Font Size: a A A

The Systematic Review Of The Key Hole And The Puncture Drainage In The Management Of Hypertensive Intracerebral Hemorrage

Posted on:2012-10-16Degree:MasterType:Thesis
Country:ChinaCandidate:Q X LiuFull Text:PDF
GTID:2154330332996445Subject:Neurosurgery
Abstract/Summary:PDF Full Text Request
Objective: TO compare of the key hole and the puncture drainage treatment effects and long-term recovery in the treatment of hypertensive intracerebral hemorrhage, to provide treatment strategy for neurosurgery the choice of methods of hypertensive cerebral hemorrhage.Method: Following the principle of evidence-based medicine and the strategy of Cochrane system evaluation,takeing the computer retrieval method and manual retrieval method to search MEDLINE, EMBASE, The Cochrane Library, CNKI from Jan 1996 to Dec.2010. Collecting the retrospective etiology analysis researches related to key hole and puncture drainage in the management of hypertensive intracerebral hemorrage.The quality of included trials was evaluated by two estimators. And meta-analysis was conducted on homogeneous studies.Results: 1) Time of follow-up ending in two surgical mortality OR (95% CI) 0.80 (0.66,0.97), the difference was statistically significant (P <0.05). 2) Basal ganglia intracerebral hemorrhage, two kinds of treatment mortality OR (95% CI) 0.33 (0.19,0.56), the difference was statistically significant (P <0.05).3) Ultra-early (<7 h) two kinds of treatment of hypertensive cerebral hemorrhage mortality OR (95% CI) 0.57 (0.26,1.24), the difference was not statistically significant (P> 0.05). 4)The effects of preoprative GSC in surgery, OR = 0.35, 95% CI (0.16 0.77), P < 0.05 the difference was statistically significant.
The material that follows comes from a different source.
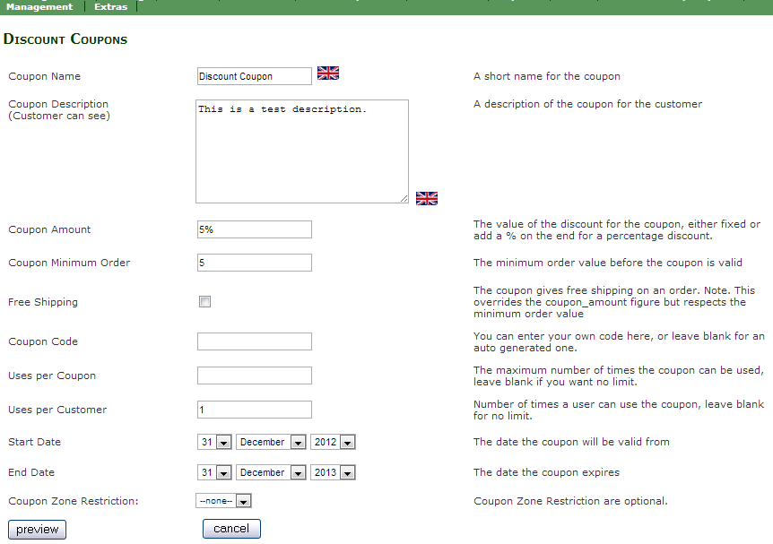 | Coupon Code | You can enter a code name for your coupon, or leave it blank and Zen Cart will generate a code automatically. |

When patients preoperative GCS < 8, OR= 0.29, 95% CI (0.91), 0.09, The difference was statistically significant (P < 0.05). When 12≥GCS≥8, OR= 0.39, 95% CI (0.12,1.25), The difference was not statistically significant (P > 0.05). When GCS > 12, OR = 0.57, 95% CI (0.05, 5.23), The difference was statistically significant (P > 0.05).Conclusion:1 Survival rate for patients with hypertensive cerebral hemorrhage, the key hole survival rate higher than the puncture drainage.2 The basal ganglia hemorrhage, the key hole survival rate higher than the puncture drainage.3 Ultra-early surgery of hypertensive cerebral hemorrhage treated the same as the mortality rate after two surgical.4 Preoperative GCS of the parameters, two kinds of treatment effect differences, the differences mainly in the GCS <8 of the patients.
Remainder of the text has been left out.